We have demonstrated 1D photonic crystals that incorporate liquid crystals (LC), such as those used in LCD displays, that can selectively reflect a single wavelength around 650nm within a narrow tuning range by reorientation of the LC molecules using applied electric fields through optically transparent electrodes.  The reorientation of the LC produces a change in its refractive index, which can tune the reflectance peak 4nm with 60V of applied voltage.
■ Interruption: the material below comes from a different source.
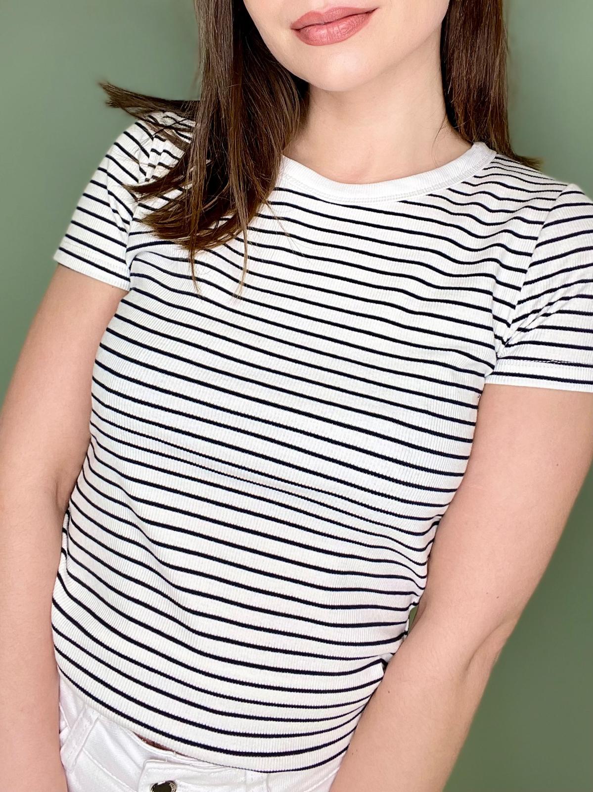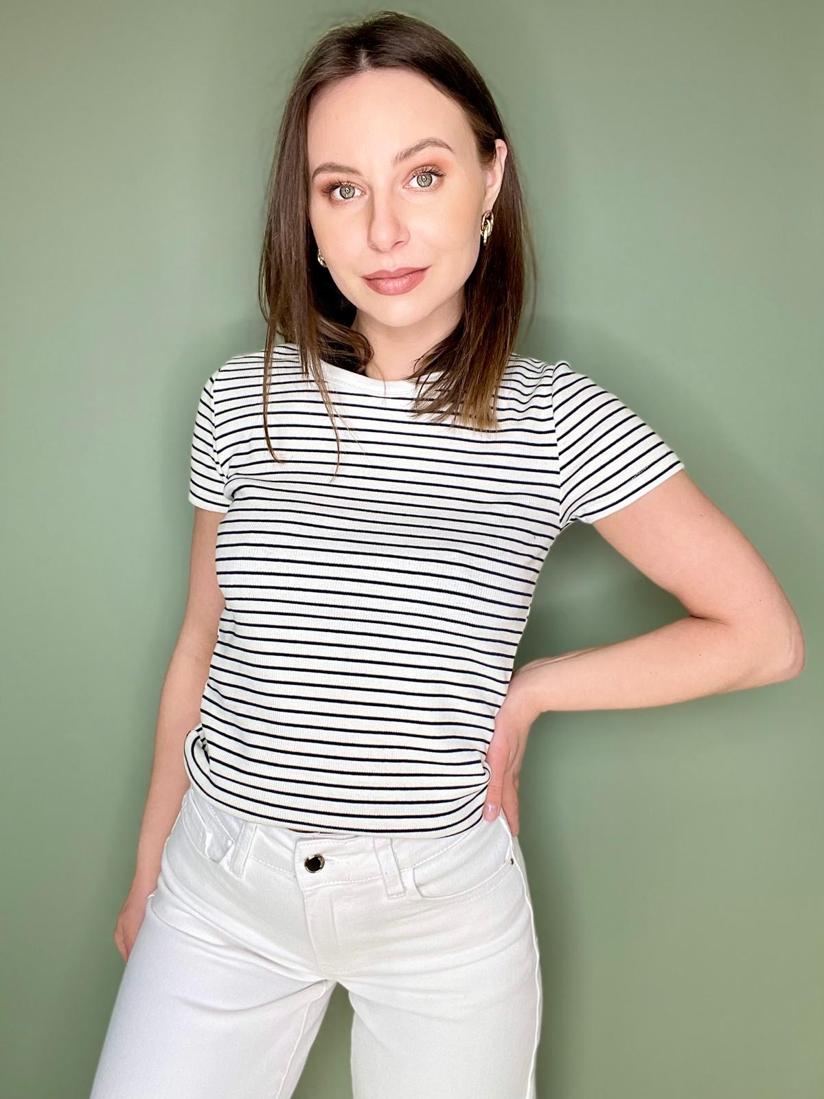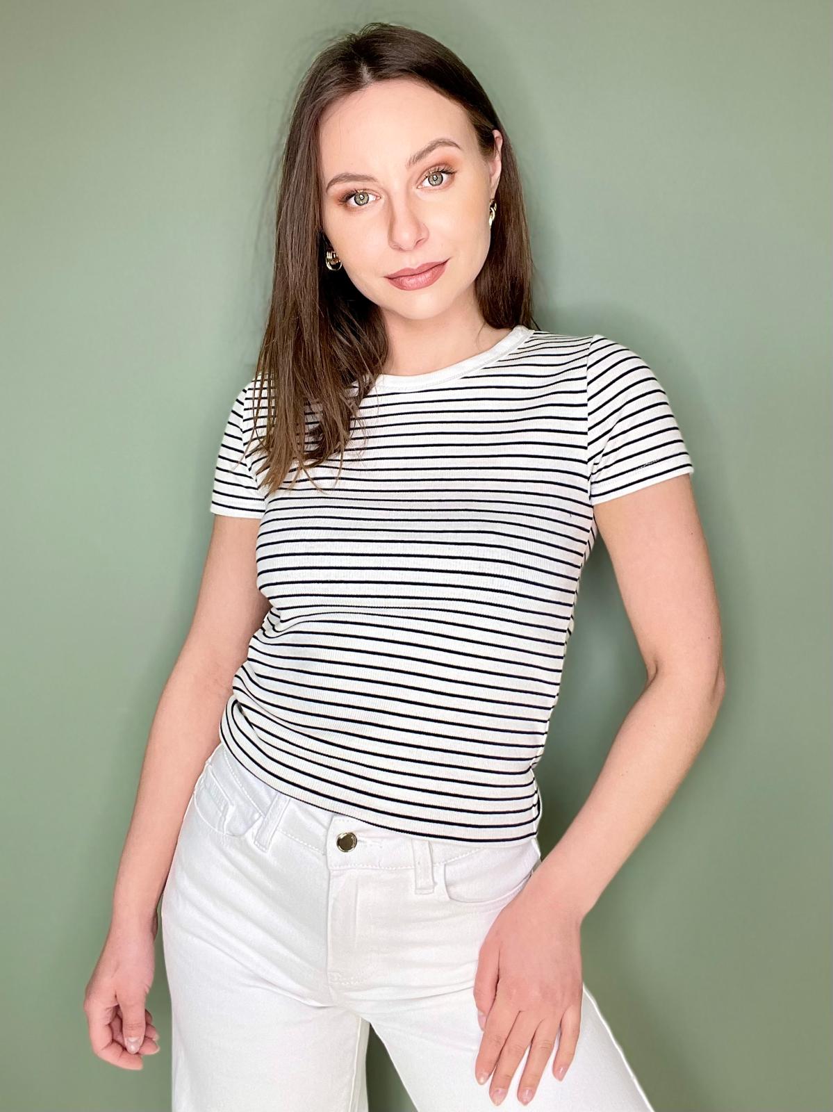 Koszulka o dopasowanym kroju. Uszyta z elastycznej prążkowanej bawełny.

We have also demonstrated 1D and 2D photonic crystals that incorporate azobenzene molecules that undergo a rapid transformation when illuminated by a laser to quickly move a reflected wavelength band around from one wavelength to another.  Devices were fabricated for both 650nm and 850nm reflection peaks.  The refractive index change of the azobenzene molecules can achieve tuning of the reflectance peak up to 60nm.  Using azobenzene LC with a fast response time, we achieved tuning speeds on the range of milliseconds for CW laser pumping.

 

References

1. “A voltage-tuned resonant reflectance optical filter for visible wavelengths fabricated by nanoreplica molding,” F. Yang, G. Yen, and B.T. Cunningham, Applied Physics Letters, Vol. 90, p. 261109-261111, 2007.
2. “Optically tuned resonant optical reflectance filter,” F. Yang, G. Yen, G. Rasigade, J. Soares, and B.T. Cunningham, Applied Physics Letters, Vol. 92, No. 9, p. 091115, DOI: 10.1063/1.289071, 2008.
3. “Optically Tunable Photonic Crystal Reflectance Filter,” D. Dobbs and B.T. Cunningham, Applied Optics, Vol. 45, Issue 28, pp. 7286-7293, 2006.
4. “Integrated 2D photonic crystal stack filter fabricated using nanoreplica molding,” F. Yang, G. Yen, and B.T. Cunningham, Optics Express, Vol. 18, No. 11, p. 11846-11858, 2010.
5. “Enhanced quantum dot optical downconversion using asymmetric 2D photonic crystals,” F. Yang and B.T. Cunningham, Optics Express, Vol. 19, No. 5, p. 3908-3918, 2011.